> [The problem]: What is needed is an exact reproduction of the lines in the records below, starting at the line with "フリースベスト レディース ボアベスト" and ending at the line with "No interior do", both included, and nothing else; pictures stay out.
BEGIN Information supplied
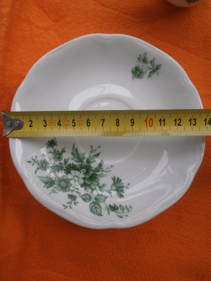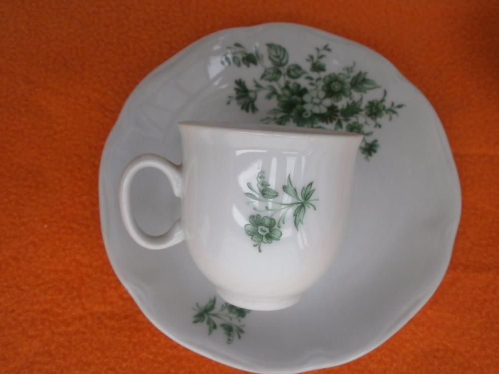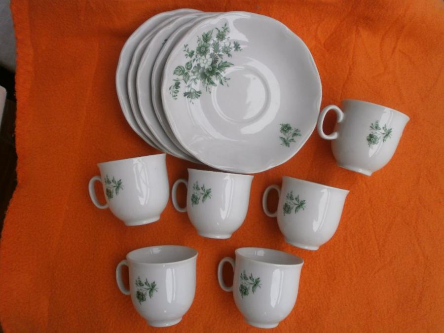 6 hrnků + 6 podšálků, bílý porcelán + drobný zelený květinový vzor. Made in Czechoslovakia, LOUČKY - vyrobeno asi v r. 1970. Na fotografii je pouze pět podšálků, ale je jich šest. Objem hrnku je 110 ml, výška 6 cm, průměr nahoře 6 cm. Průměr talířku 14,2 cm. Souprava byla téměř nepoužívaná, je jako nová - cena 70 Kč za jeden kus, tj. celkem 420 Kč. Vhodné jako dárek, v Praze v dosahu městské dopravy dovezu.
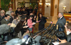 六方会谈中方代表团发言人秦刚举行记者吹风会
END Information supplied
BEGIN Information supplied
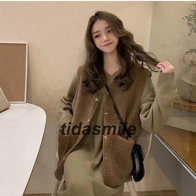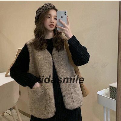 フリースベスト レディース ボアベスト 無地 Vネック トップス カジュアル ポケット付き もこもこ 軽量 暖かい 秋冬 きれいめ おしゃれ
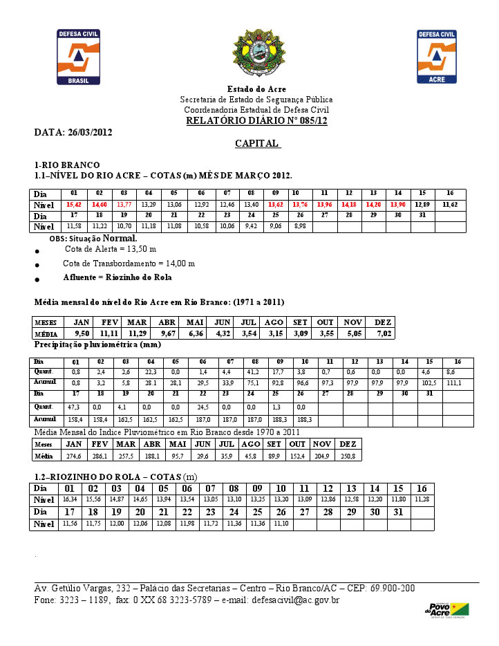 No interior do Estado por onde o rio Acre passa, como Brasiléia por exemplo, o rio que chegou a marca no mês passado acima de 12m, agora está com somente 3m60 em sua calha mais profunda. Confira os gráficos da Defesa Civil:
END Information supplied
> [Solution for this problem]:
 フリースベスト レディース ボアベスト 無地 Vネック トップス カジュアル ポケット付き もこもこ 軽量 暖かい 秋冬 きれいめ おしゃれ
 No interior do Estado por onde o rio Acre passa, como Brasiléia por exemplo, o rio que chegou a marca no mês passado acima de 12m, agora está com somente 3m60 em sua calha mais profunda. Confira os gráficos da Defesa Civil:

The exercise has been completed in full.